¿Sabes? Llevaba años con ganas de salir. Me tenías secuestrada en este sótano inhumano. Sin luz, sin velas, negro absoluto. En algún momento me viste con cariño o puede que nunca me hayas tenido en cuenta, pero me sentiste, de eso estoy segura. Aquí estuve años, en este cuarto oscuro, con miedo, llanto, apretada en un espacio cuatro por cuatro, ¿qué te hice para que me trataras de esta manera? Tuve miedo que nunca abrieras la puerta, que pasaras más años sin saber de mí.

Hay un cuento que dice, no recuerdo dónde lo escuché, que un hombre estaba en un cuarto oscuro y buscaba una llave.

Cuando creías que en el exterior podías sobrevivir sin mí, te equivocabas. Soy esa que te hacía vibrar cuando sentías que había algo mal en tu vida, cuando el ego te abandonaba, cuando la inseguridad te invadía, soy eso que te abrazaba cuando dormías en la cama con la cara repleta de lágrimas y te perdono, te perdono que me usaste de vez en cuando, que me tenías en ese cuarto lleno de humedad sin poder salir. ¿Cuántas veces te dije que sin mi no podrías seguir? Te lo cumplo y te lo cumplí. Lo veía en el vacío de tus redes sociales, en tu necesidad de aprobación, en tu coraje falso. Me da pena pensar que te sentiste abandonado sabiéndome a tu lado.

No podía ver nada, se agachaba, hacía corajes de no encontrarla, hasta que un día, abrió la puerta del cuarto y en el pasillo había luz. Salió al pasillo y busco la llave ahí.

Recuerdo la vez que me encerraste en este sótano, seguro fue más doloroso para ti que para mí. Encerrar algo tan hermoso como yo, debió requerir mucho esfuerzo de tu parte, aceptar que te volvías una especie de marginado al realizar tal aberración, porque sí, el día que me encerraste, te encerraste a ti.

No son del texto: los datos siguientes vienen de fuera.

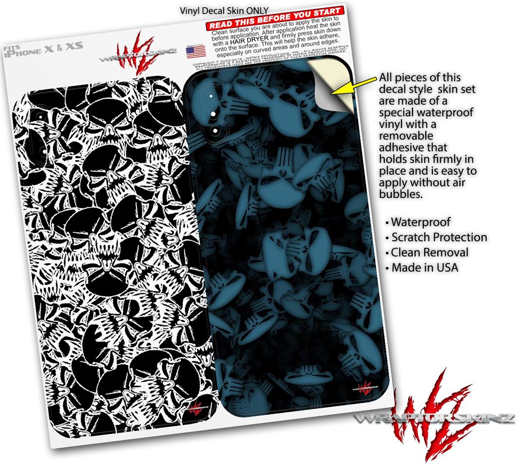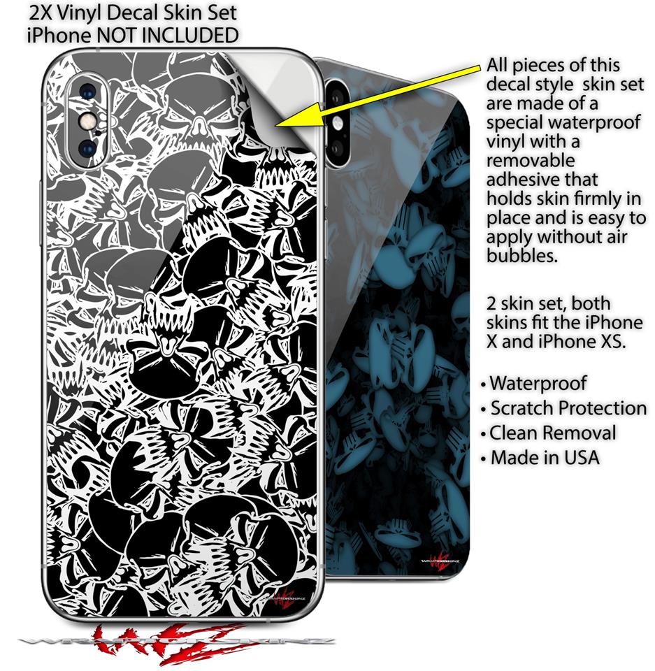 2 Decal style Skin Wraps set compatible with Apple iPhone X and XS Scattered Skulls Black

Alguien se acercó y le preguntó ¿qué haces? Buscando una llave que perdí en el cuarto, pero no hay luz y no la encuentro, contestó.

Pasabas meses sin darme de comer, días sin darme de beber, a veces me sentía desfallecer, pensaba que nunca me vendrías a buscar, me hice a la idea que jamás te cruzaba por la cabeza. Tú, más débil sin mí, yo más en los huesos. Hasta que un día, la esperanza se asomó en este oscuro umbral. Alguien te lastimó y pensaste en morir. Lo pude sentir, te grité desde el fondo del sótano ¡Déjame salir! ¡Yo te puedo ayudar! Pero hiciste oídos sordos, creíste que matarte era la opción. Traté de mandarte señales, pero cada vez era más inminente: Si tu morías, moría yo en esta oscuridad pues nadie me iba a poder liberar. Sólo tú tenías acceso.

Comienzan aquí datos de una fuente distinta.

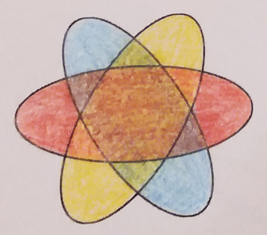 Een andere mogelijkheid bij dezelfde kleurplaat is om overlappend te kleuren. Er ontstaan dan mengkleuren.

Y una noche, mientras dormías, oíste mis gritos a lo lejos, en una especie de susurro: Aquí estoy, déjame salir.

¿Y que haces buscándola en el pasillo? Aquí por más que haya luz, no la vas a encontrar.

Despertaste, te levantaste de tu cama, tenías muchos días ahí acostada, corriste, bajaste las escaleras y abriste la puerta del sótano. Ahí estaba yo, desnutrida, ojerosa, pero más viva que nunca. Tomaste mis manos sobre tus ojos, te quise abrazar, me dio miedo como fueras a reaccionar, llevabas muchos años sin verme.

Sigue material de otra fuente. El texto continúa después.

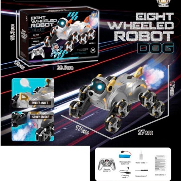 Опис Тварина 7726 радіокер., акум, 26см,собака,колеса-ролики,трюкова, муз.,світло, пара/дим,USBзар.в кор.

Te dije “Hola, cuánto tiempo querida mía, soy tu esencia, tu amor propio, ¿me recuerdas? Nos perdimos en la infancia, cuando te viste indefensa por la falta de uno de tus padres, cuando te molestaban en primaria. Te hice falta en la adolescencia, te juro quise salir, pero ahí fue cuando me encerraste con llave aquí. Quise decirte que tu cuerpo era hermoso, que tu cara estaba bien, que tu ser era perfecto como era, quise abrazarte cuando te rompieron el corazón por primera vez, cuando empezaste a permitir cosas por no estar sola, porque fue el inicio de ahora tu dolor profundo, pero la buena noticia es que aquí estamos juntas de nuevo”.

La llave se encuentra en el cuarto oscuro.

Sonreíste, querida, te vi feliz. Encontraste la llave que habías perdido años atrás y que sin saber, tanto buscabas en lugares incorrectos. La llave del sótano siempre estuvo en ese cuarto oscuro, pero hay que ser suficientemente valiente para estar en la oscuridad y seguir con la misión sin dejarte llevar por la luz falsa del pasillo.

Nunca más estarás sola, la llave soy yo, tu amor propio. Estamos juntas por fin, y te prometo un amor para toda la vida.

Hemos estado juntas desde entonces, tiraste la llave, pues ya no hace falta, qué bello es poder por fin, ver la luz del sol.